OneLake Security: the complete 2026 guide
One security model, defined once, enforced everywhere data is stored in OneLake — that’s the pitch. The reality has a few sharp edges: a default role that quietly grants everyone access, a Power BI connection mode that can bypass the whole system, and shortcut behavior that doesn’t always work the way teams expect on the first try.
OneLake security is a role-based access control model built directly into OneLake — Microsoft Fabric’s storage layer. You define a security role once, scoped to an item, folder, table, or down to specific rows and columns, and that single definition is enforced consistently across Spark, the SQL analytics endpoint, Power BI, and any authorized third-party engine that reads the same data. It reached general availability in May 2026 and is enabled by default on every newly created supported item, with existing items rolled forward automatically by end of May.

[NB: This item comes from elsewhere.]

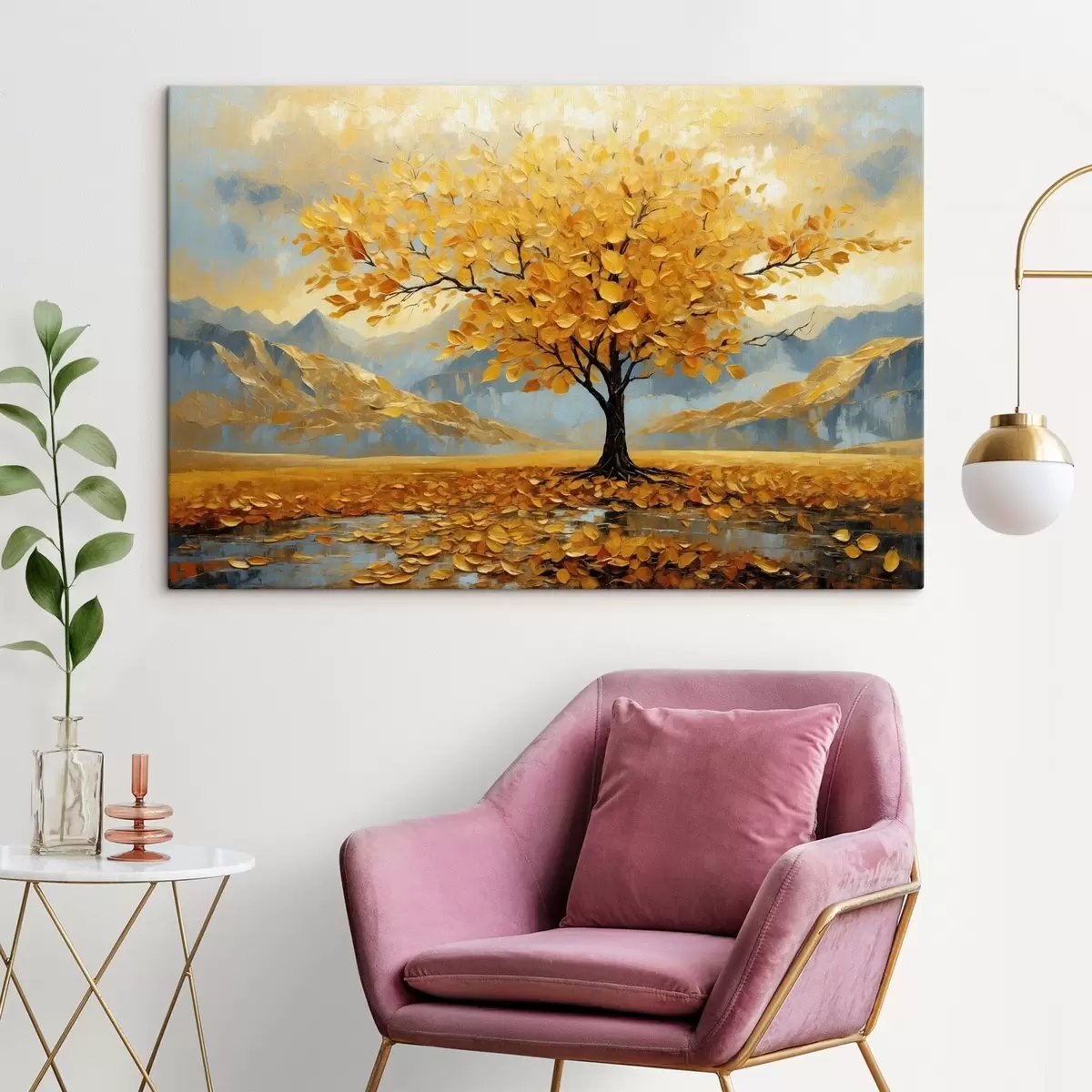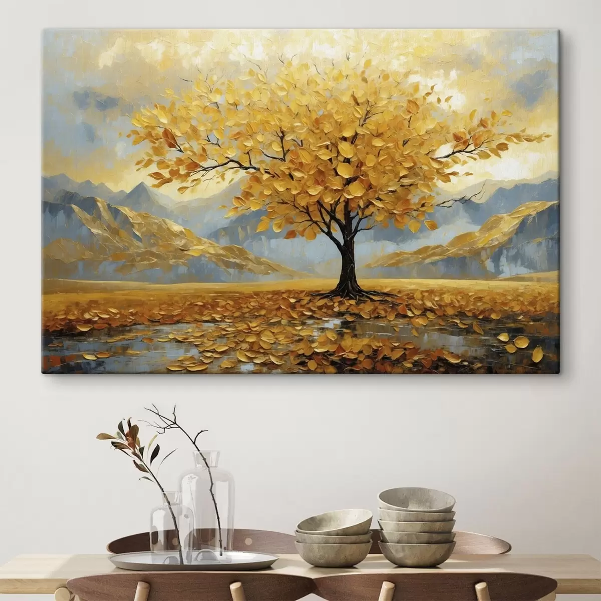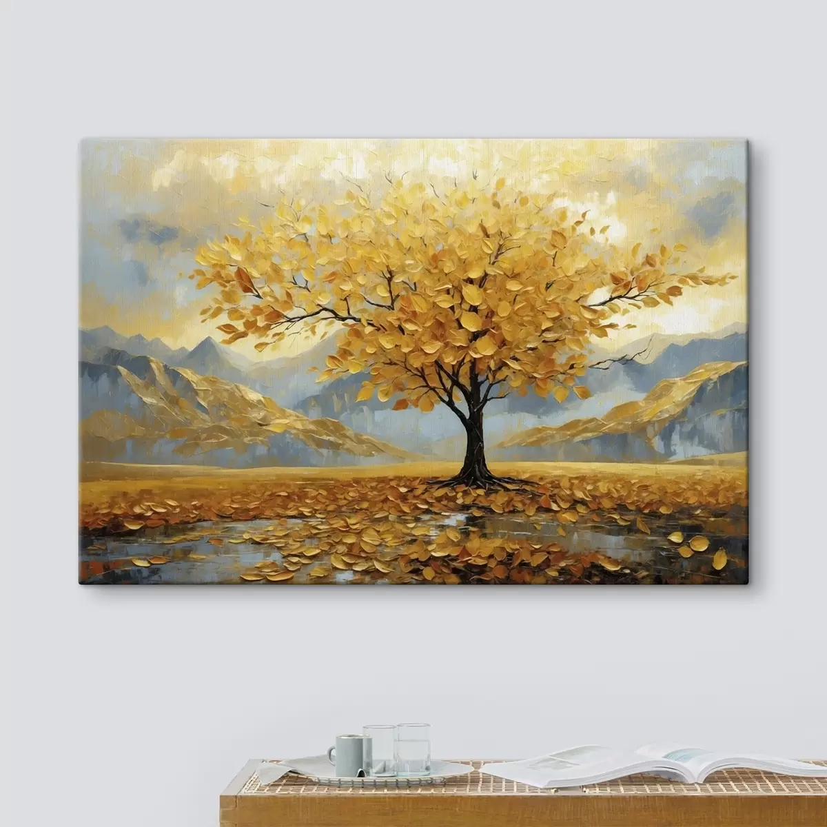 Maalid Kollaste lehtedega puu mägimaastikul Nr s47285

What actually changed when OneLake security hit GA
Before this model existed, securing data in Fabric meant configuring access separately for every way someone might reach it. A Spark notebook checked workspace roles. The SQL analytics endpoint ran its own GRANT and REVOKE permission system. Power BI inherited whatever the semantic model’s connection happened to allow. Three different security surfaces, three different places a misconfiguration could hide, and no single place to audit what a given user could actually see across the whole platform.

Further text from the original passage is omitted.